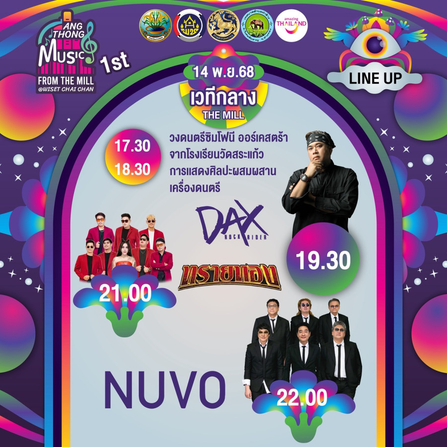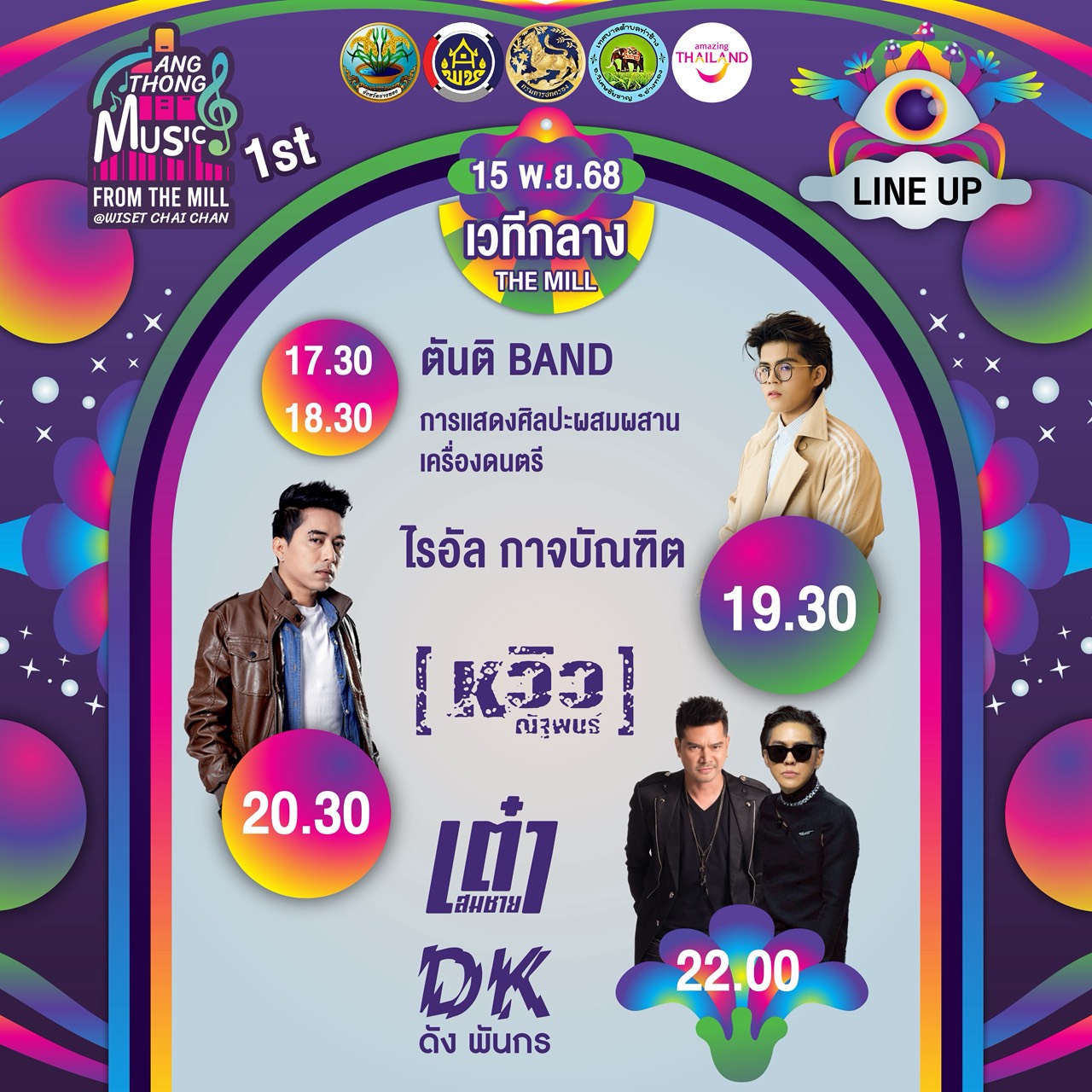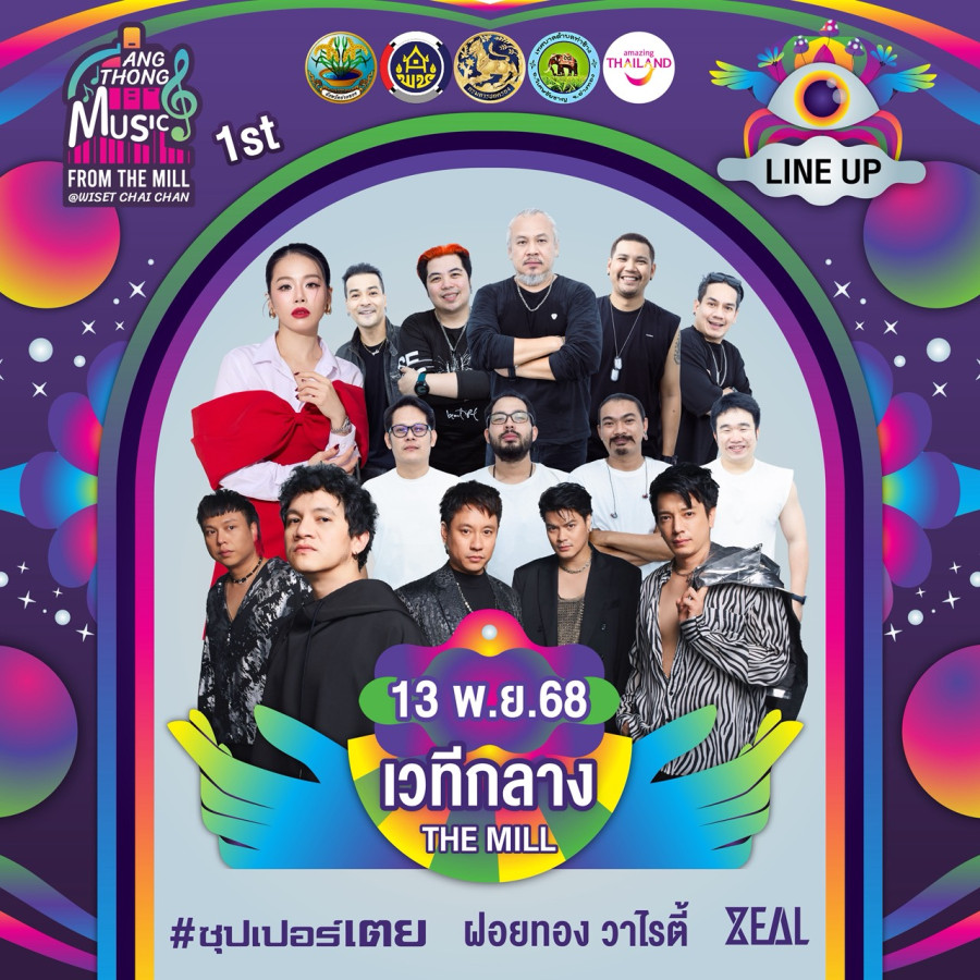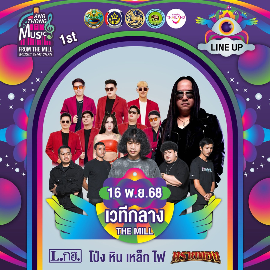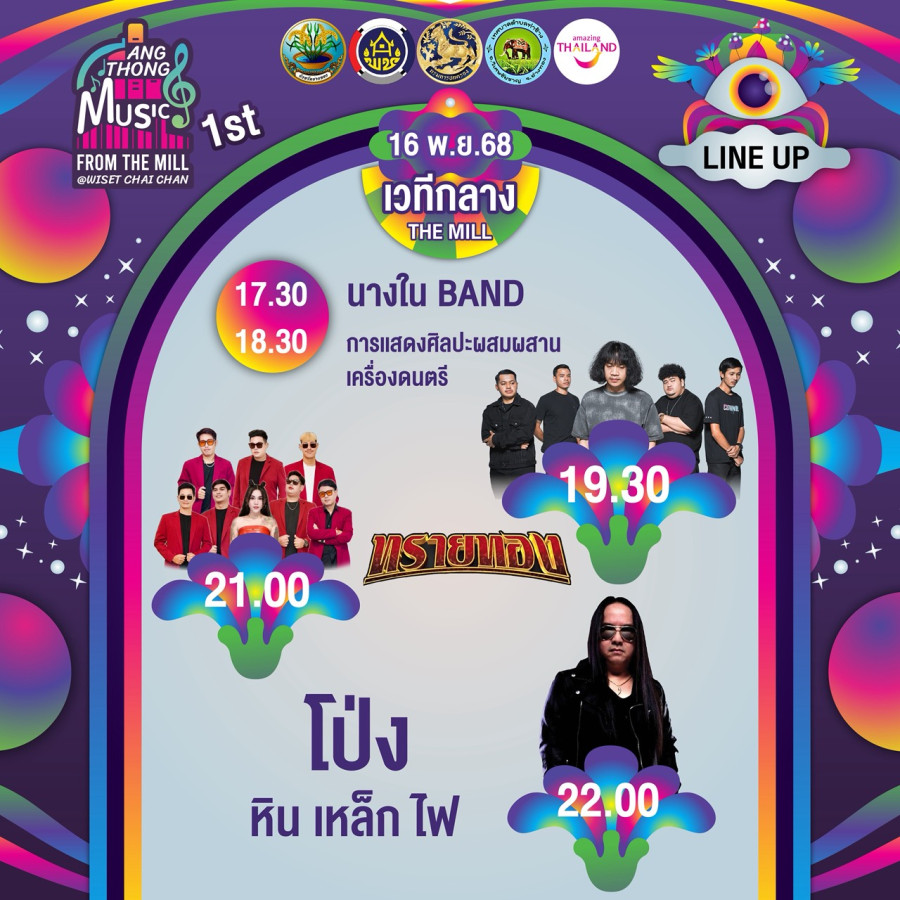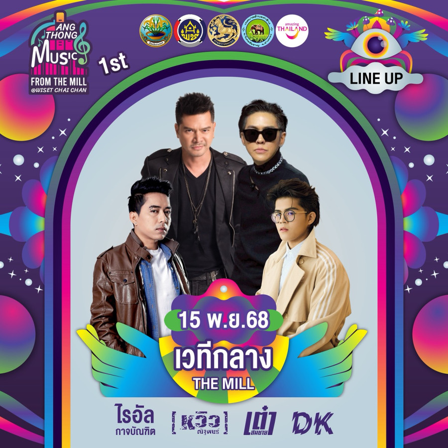 ANG THONG MUSIC FROM THE MILL @ WISET CHAI CHAN คือเทศกาลดนตรีที่จัดขึ้นท่ามกลาง “โรงสีเก่า”อันมีเสน่ห์ของอำเภอวิเศษชัยชาญ ที่ครั้งหนึ่งเคยเป็นหัวใจของการค้าข้าวในอ่างทอง และวันนี้ได้กลายเป็นเวทีแห่งเสียงเพลง แสง สี เสียงสุดอลังการ
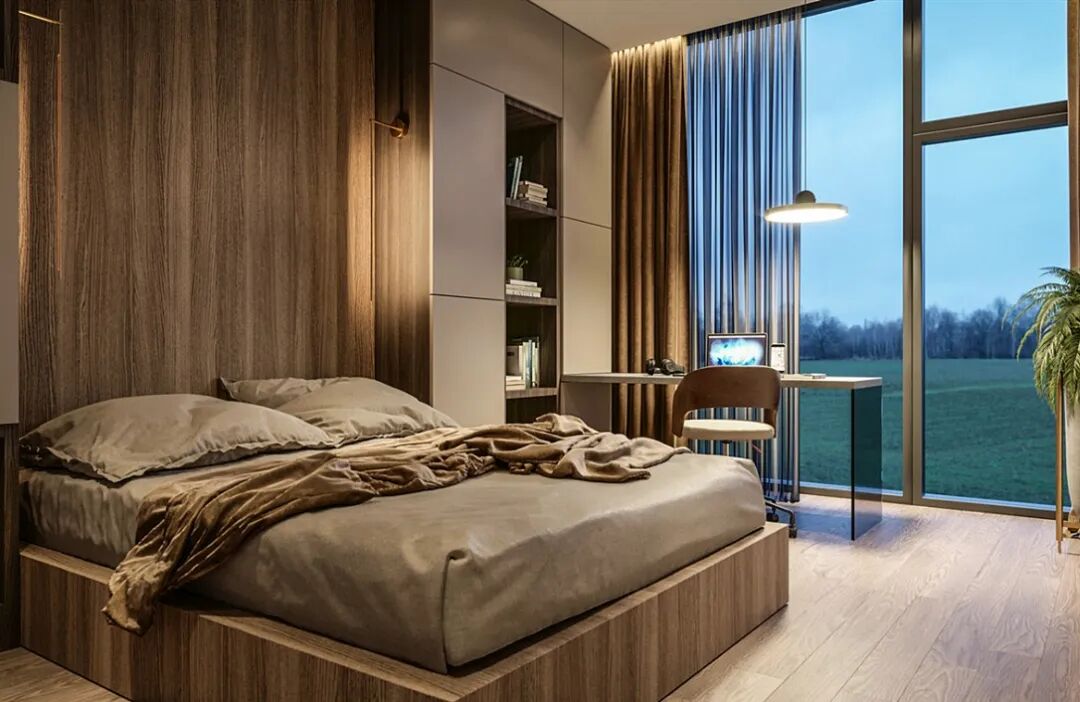 日之夕矣,鸟倦归栖,而人亦如此。卧室作为最终的休憩之地,与木地板的搭配,既保留了自然的纯粹特质,又为这一私密空间增添了更多的温度,简单、雅致、舒缓,一木一景,应运而生,精妙绝伦。
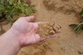 砂漠地帯のジャガイモ農場の土。砂漠の土だった=エジプト・イスマイリア県
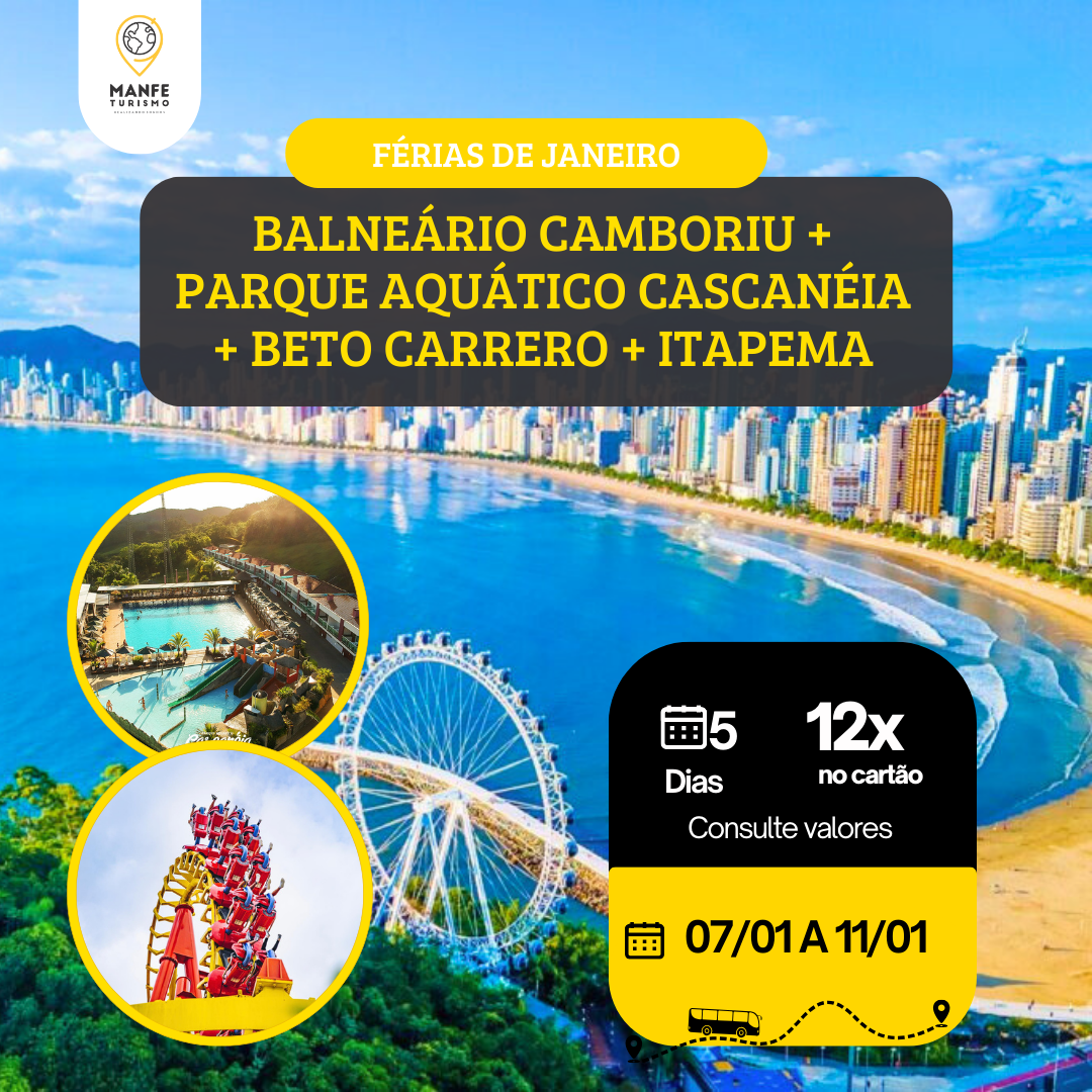 BALNEÁRIO CAMBORIU + PARQUE AQUÁTICO CASCANÉIA + BETO CARRERO + ITAPEMA
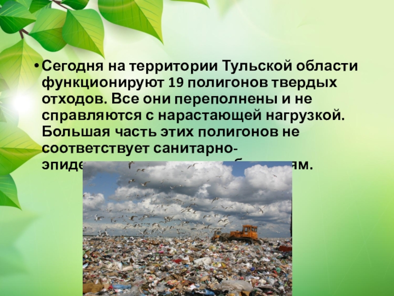 Слайд 25Сегодня на территории Тульской области функционируют 19 полигонов твердых отходов. Все
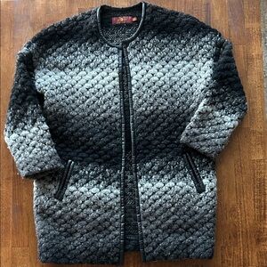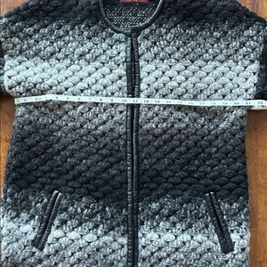 7 For All Mankind Size M Wool Cardigan Lamb Leather Accents Heavyweight Luxury
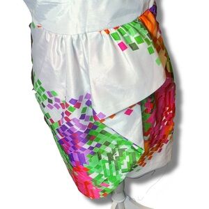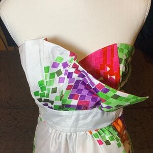 Chic strapless dress with geometric design. Features vibrant green and pink accents. Ideal for a bold look.
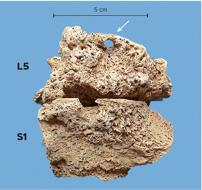 Advanced bone tuberculosis (Pott’s disease) in a skeleton from imperial Valentia. Note the pronounced infection of vertebrae L5 and S1, which were virtually unrecognisable and had two fistulised purulent cavities.
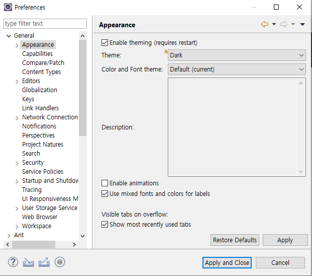 이클립스를 재실행 해준 뒤 다시 Window -> Preference 에 들어가서 General - Appearance
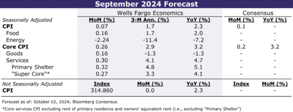 The overall progress in reining in decades-high inflation should be on display with the September CPI report. We look for the headline to advance 0.1%, which would bring the year-over-year rate down to 2.3% and point to headline PCE rising 2.0%—directly on the FOMC’s target in what will be the last read on inflation before the Committee’s November 7 meeting.
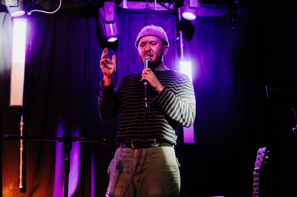 New steps continue with Gus Tiramani. At the heart of all things The Magic Gang has been this earnest knack for swooning hooks and wholesome release - and that core is there in its most blissful form with Gus's own project. Performing tonight as a two-piece, his set is like being welcomed directly into his front room. The touch of a classic songwriter ripples from start to finish, showcasing why tracks like 'If I Fall' and 'Old Friend' are already becoming hot water bottles of soothing joy. It's a stunning world-creating statement which puts emotion directly into the middle of Colours Hoxton, showcasing an old soul distilled into a modern and fresh twist. With touches of Matt Maltese, Tobias Jesso Jr and the best of soul, the crisp winter may be the perfect introduction to everything Gus Tiramani.
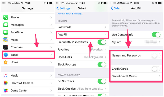 Đây là một tính năng rất hữu ích để bạn không cần phải điền thông tin đăng nhập hoặc thông tin thẻ tín dụng cho một trang web nào đó. Tuy nhiên nó sẽ rất nguy hiểm nếu bạn hay đưa máy cho người khác dùng, đặc biệt là trẻ con vì những thông tin này có thể bị rò rỉ ra ngoài nếu bất cẩn. Để vô hiệu hoá, hãy vào Settings > Safari > AutoFiil > tắt Names and Passwords và Credit Cards.
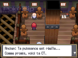 Attention à l'Hypnose du Hoothoot. Une fois l'Ancien battu, nous recevons la CT Flash (CT70) (figure 47) et nous pouvons enfin nous rendre à l'Arène.

════════

• _Assigned task_
In the copy, include each line from the start of the material through the line with "The overall progress", word for word, but none of the pictures.

• _Solved exercise_
 ANG THONG MUSIC FROM THE MILL @ WISET CHAI CHAN คือเทศกาลดนตรีที่จัดขึ้นท่ามกลาง “โรงสีเก่า”อันมีเสน่ห์ของอำเภอวิเศษชัยชาญ ที่ครั้งหนึ่งเคยเป็นหัวใจของการค้าข้าวในอ่างทอง และวันนี้ได้กลายเป็นเวทีแห่งเสียงเพลง แสง สี เสียงสุดอลังการ
 日之夕矣,鸟倦归栖,而人亦如此。卧室作为最终的休憩之地,与木地板的搭配,既保留了自然的纯粹特质,又为这一私密空间增添了更多的温度,简单、雅致、舒缓,一木一景,应运而生,精妙绝伦。
 砂漠地帯のジャガイモ農場の土。砂漠の土だった=エジプト・イスマイリア県
 BALNEÁRIO CAMBORIU + PARQUE AQUÁTICO CASCANÉIA + BETO CARRERO + ITAPEMA
 Слайд 25Сегодня на территории Тульской области функционируют 19 полигонов твердых отходов. Все
 7 For All Mankind Size M Wool Cardigan Lamb Leather Accents Heavyweight Luxury
 Chic strapless dress with geometric design. Features vibrant green and pink accents. Ideal for a bold look.
 Advanced bone tuberculosis (Pott’s disease) in a skeleton from imperial Valentia. Note the pronounced infection of vertebrae L5 and S1, which were virtually unrecognisable and had two fistulised purulent cavities.
 이클립스를 재실행 해준 뒤 다시 Window -> Preference 에 들어가서 General - Appearance
 The overall progress in reining in decades-high inflation should be on display with the September CPI report. We look for the headline to advance 0.1%, which would bring the year-over-year rate down to 2.3% and point to headline PCE rising 2.0%—directly on the FOMC’s target in what will be the last read on inflation before the Committee’s November 7 meeting.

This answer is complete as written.